■ **Work required**: All lines from the top of the records below through the line holding "Arabella Kiesbauer in", and only those, should be printed exactly, minus the pictures.

■ **Record extracts**:

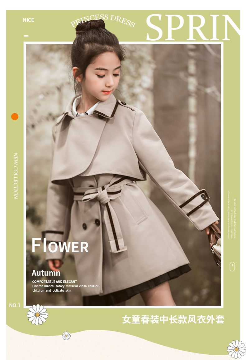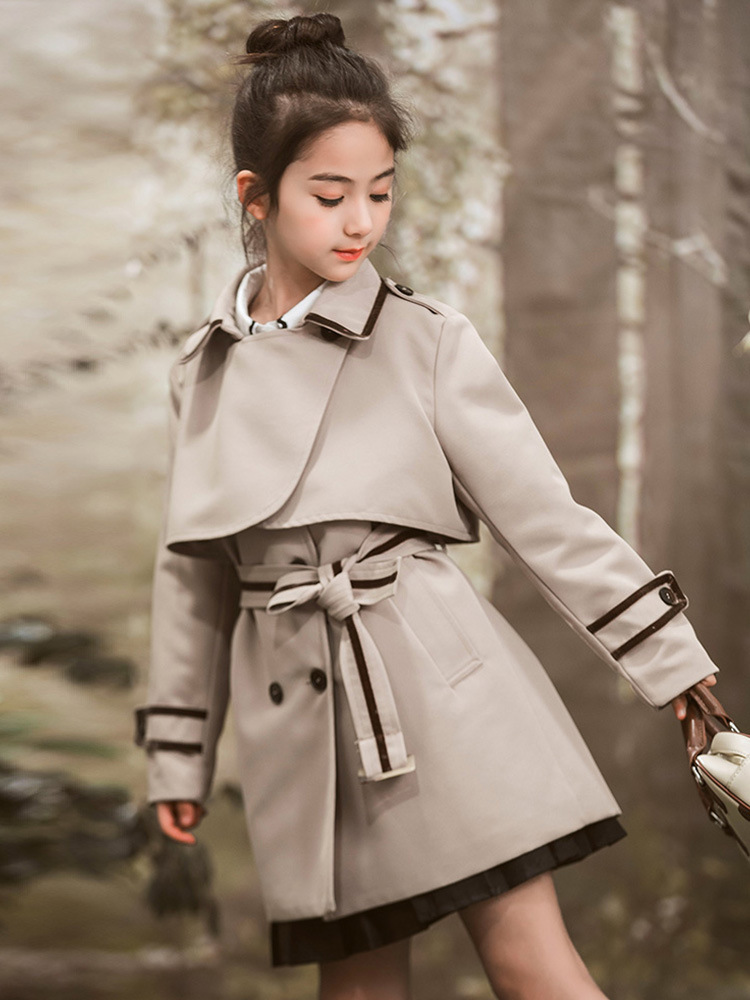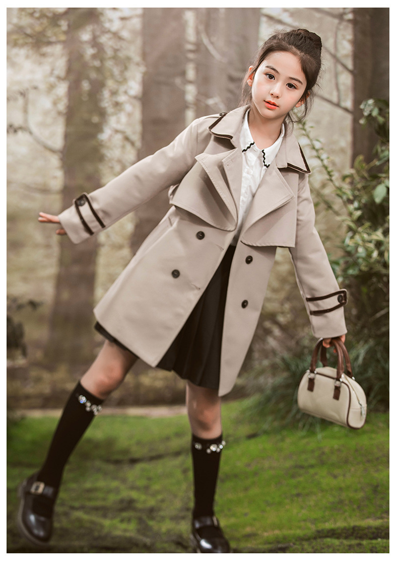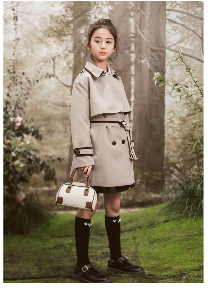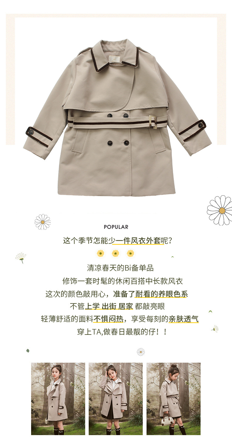 女童风衣外套2024年春秋装新韩版中大童外套女孩中长款儿童风衣
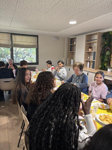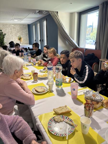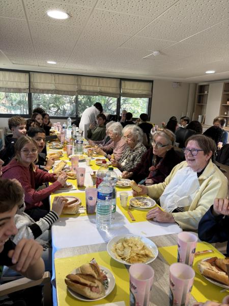 Cette année encore, nous avons eu le plaisir d’accueillir nos jeunes amis pour un déjeuner convivial placé sous le signe de la bonne humeur. Accompagnés de leurs professeurs de français, de sciences et vie de la Terre et d’italien, les collégiens ont partagé avec les résidents un pique-nique à l'intérieur très apprécié au menu : hot-dogs, ketchup et de mayonnaise, accompagnés de chips croustillantes, de Coca-Cola et, pour finir en douceur, une glace en dessert. De quoi ravir toutes les générations !
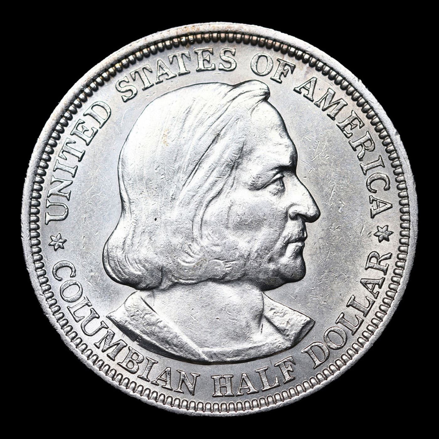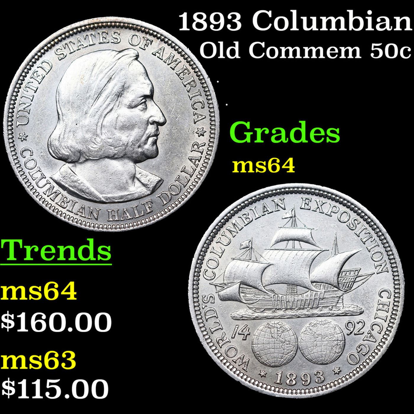 1893 Columbian Old Commem Half Dollar 50c Grades Choice Unc. The Columbus Half Dollar along with the Isabella Quarter were Minted in Honor of the 400th Anniversary of Columbus' Voyage to the New World. It was First Distributed at the Worlds Fair Honoring that Voyage. When examining a Columbian Exposition Half Dollar, the First Points to Show Wear are Columbus’ Eyebrow, Cheek and the Hair Behind his Forehead and Jaw. On the Reverse, Check the Foresail and Sainsail, as well as the Right Side of the Eastern Hemisphere.
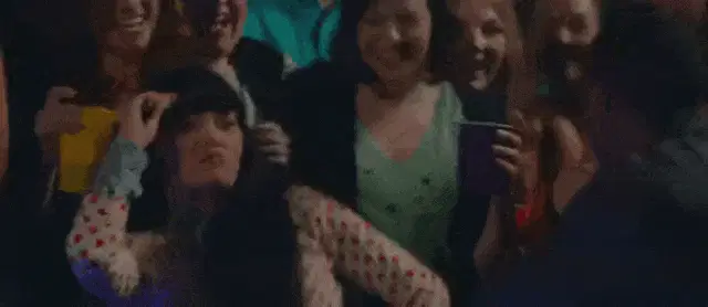 Arabella Kiesbauer in a silver sequined dress reacts with a surprised and then playful expression, pointing her finger.
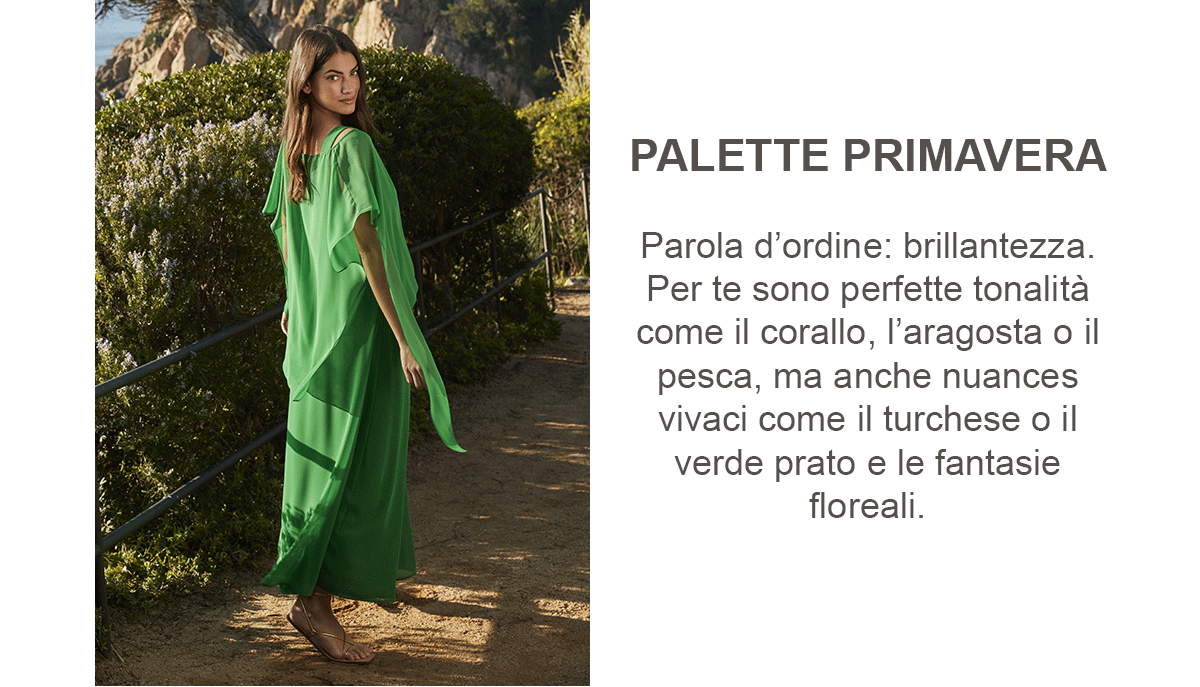 Mora, bionda, occhi verdi o nocciola… Lo sapevi che in base alle tue caratteristiche ci sono colori che possono valorizzare la tua bellezza naturale? Scopri le selezioni dedicate a ogni stagione e scegli i capi perfetti per te!

■ **Answer to the problem**:
 女童风衣外套2024年春秋装新韩版中大童外套女孩中长款儿童风衣
 Cette année encore, nous avons eu le plaisir d’accueillir nos jeunes amis pour un déjeuner convivial placé sous le signe de la bonne humeur. Accompagnés de leurs professeurs de français, de sciences et vie de la Terre et d’italien, les collégiens ont partagé avec les résidents un pique-nique à l'intérieur très apprécié au menu : hot-dogs, ketchup et de mayonnaise, accompagnés de chips croustillantes, de Coca-Cola et, pour finir en douceur, une glace en dessert. De quoi ravir toutes les générations !
 1893 Columbian Old Commem Half Dollar 50c Grades Choice Unc. The Columbus Half Dollar along with the Isabella Quarter were Minted in Honor of the 400th Anniversary of Columbus' Voyage to the New World. It was First Distributed at the Worlds Fair Honoring that Voyage. When examining a Columbian Exposition Half Dollar, the First Points to Show Wear are Columbus’ Eyebrow, Cheek and the Hair Behind his Forehead and Jaw. On the Reverse, Check the Foresail and Sainsail, as well as the Right Side of the Eastern Hemisphere.
 Arabella Kiesbauer in a silver sequined dress reacts with a surprised and then playful expression, pointing her finger.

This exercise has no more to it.